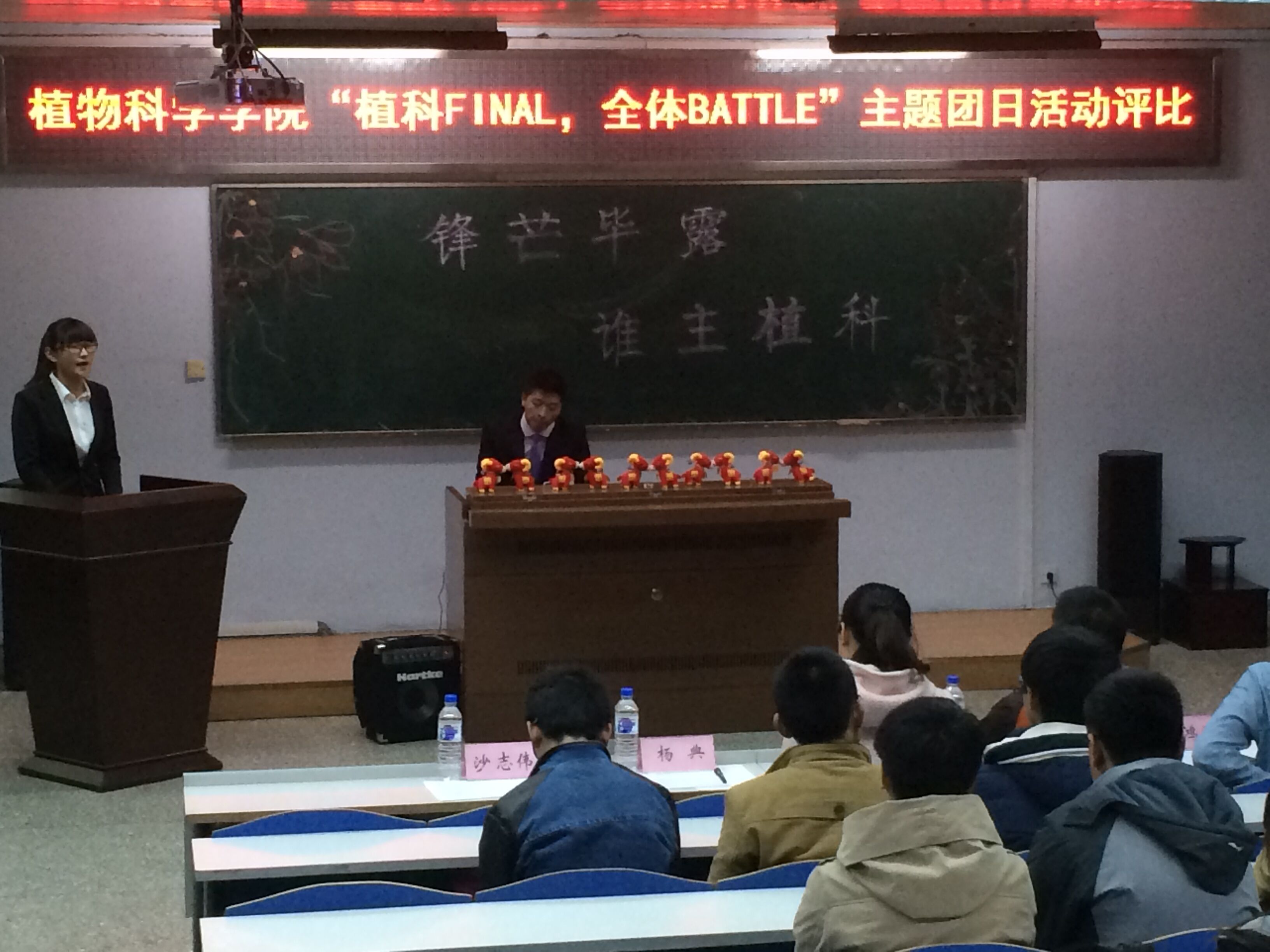 为了检验植物科学学院2014级各个班级在“植科FINAL,全体BATTLE”主题团日活动中的成果,植物科学学院团委学生会组织部主办的“植科FINAL,全体BATTLE”主题团日活动评比于3月19日在农学楼二楼多功能报告厅拉开序幕。
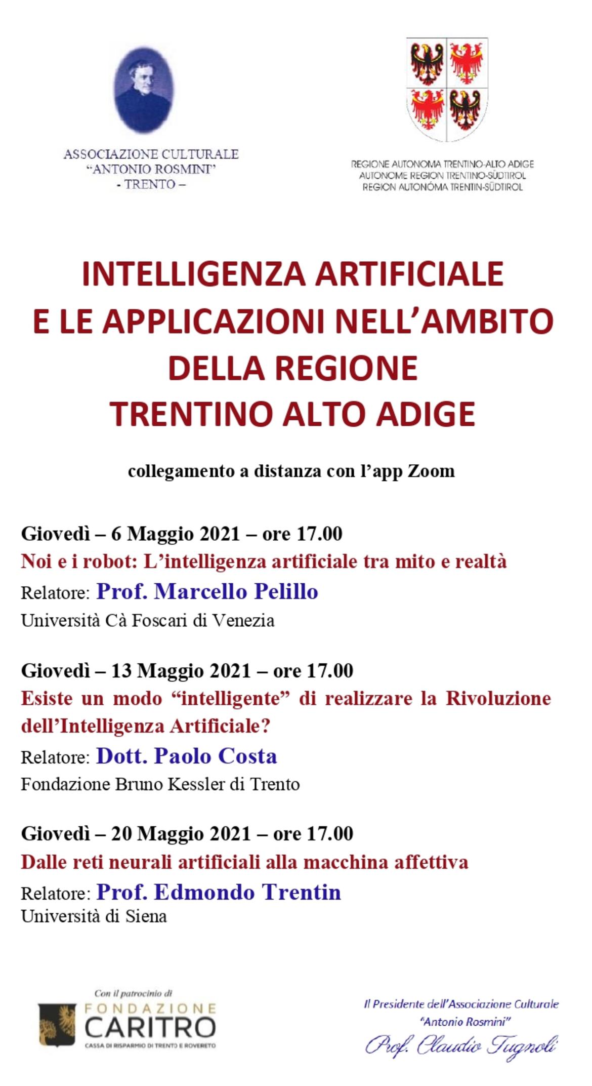 Comunichiamo che, data la situazione sanitaria sommamente incerta, le conferenze presso l’Associazione culturale “Antonio Rosmini” riprenderanno con il collegamento a distanza via Zoom.
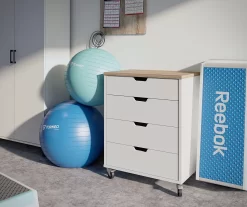 Evolution Vantage White & Weathered Oak 4-Drawer Storage Cart
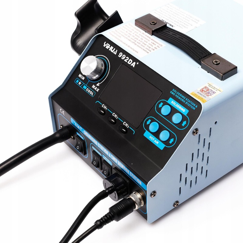 Das Gerät Yihua 992DA+ ist eine Heißluft-Lötstation (Hotair) sowie ein Lötkolben (75 W) und wird zum Löten und Entlöten von elektronischen Bauteilen verwendet. Die Station ist mit einem Mikroprozessor mit präzisem PID-Regler ausgestattet, der die Betriebsparameter überprüft und auf die vorgegebenen Werte korrigiert.
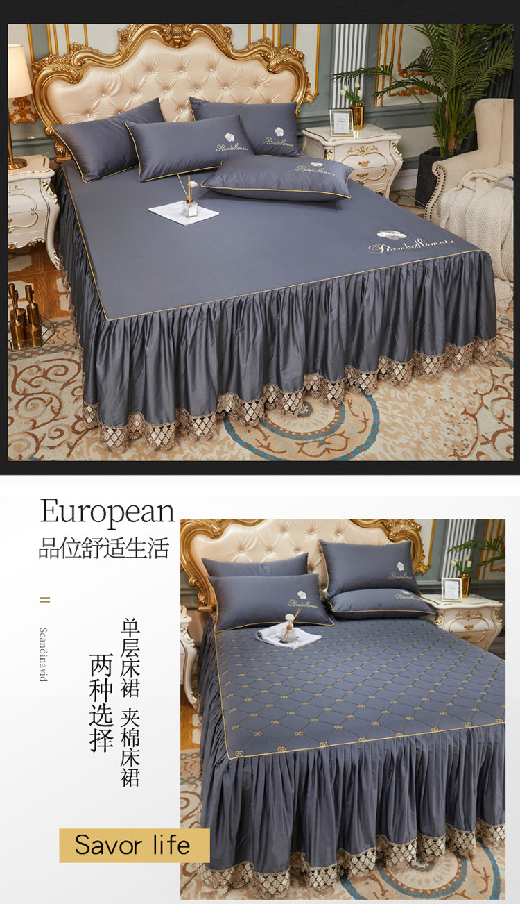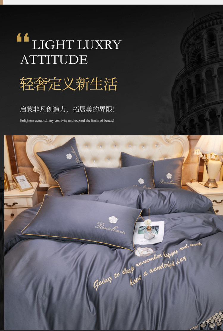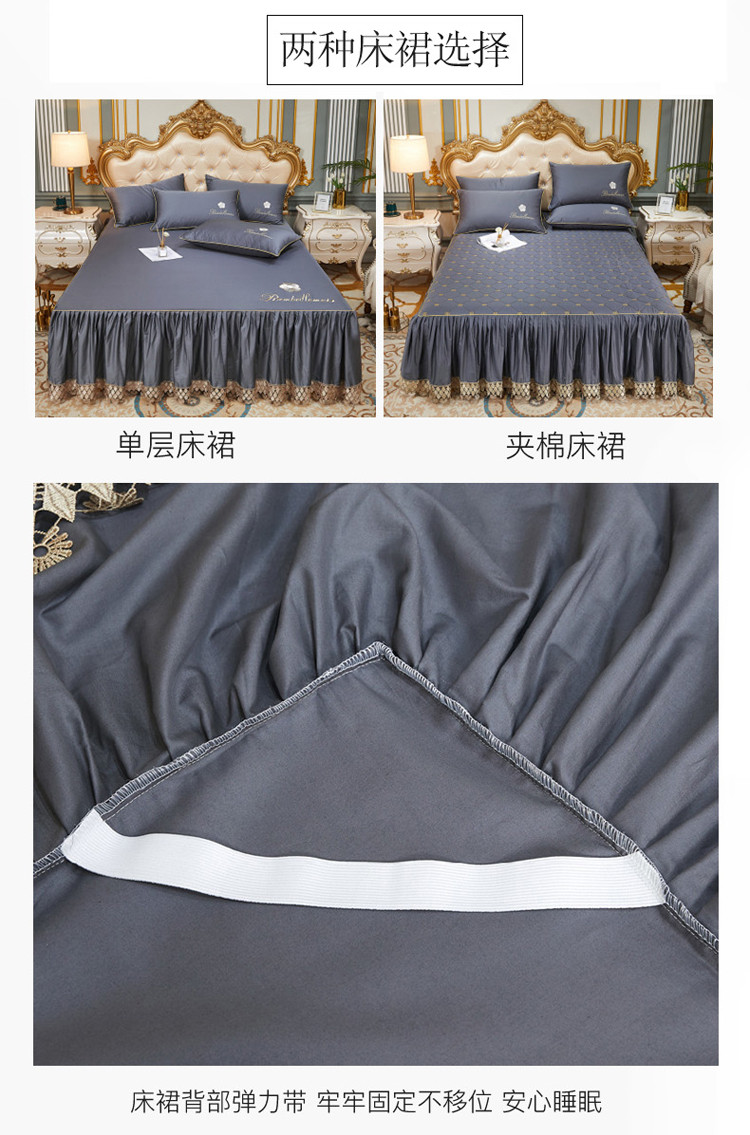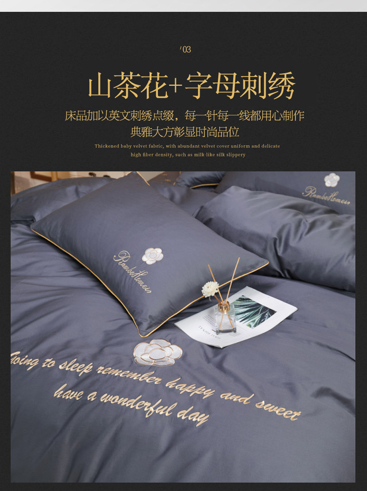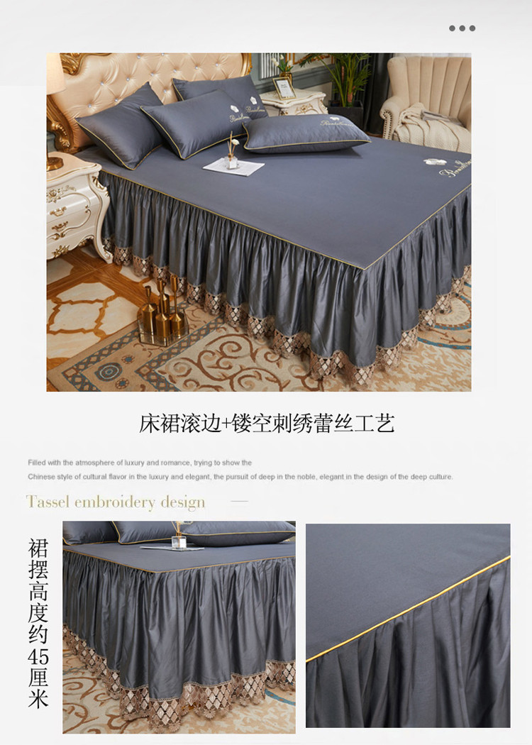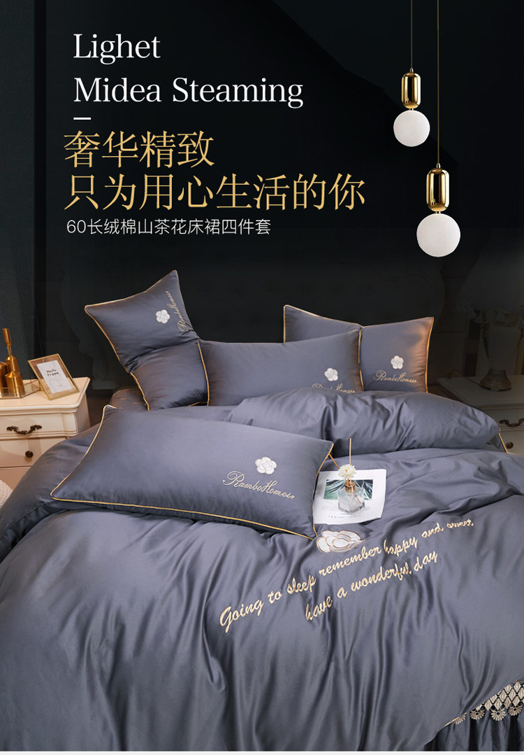 当前位置: 91家纺网 > 商品网购 > 床品套件 > 四件套 > 长绒棉四件套 > 菊上 2021新款60支长绒棉山茶花系列床裙款四件套 绅灰
────────────────
**Task item**
Write out, please, the lines of the listing above from the one with "Das Gerät Yihua" through the very last, exactly as given and with no pictures.

**Written solution**
 Das Gerät Yihua 992DA+ ist eine Heißluft-Lötstation (Hotair) sowie ein Lötkolben (75 W) und wird zum Löten und Entlöten von elektronischen Bauteilen verwendet. Die Station ist mit einem Mikroprozessor mit präzisem PID-Regler ausgestattet, der die Betriebsparameter überprüft und auf die vorgegebenen Werte korrigiert.
 当前位置: 91家纺网 > 商品网购 > 床品套件 > 四件套 > 长绒棉四件套 > 菊上 2021新款60支长绒棉山茶花系列床裙款四件套 绅灰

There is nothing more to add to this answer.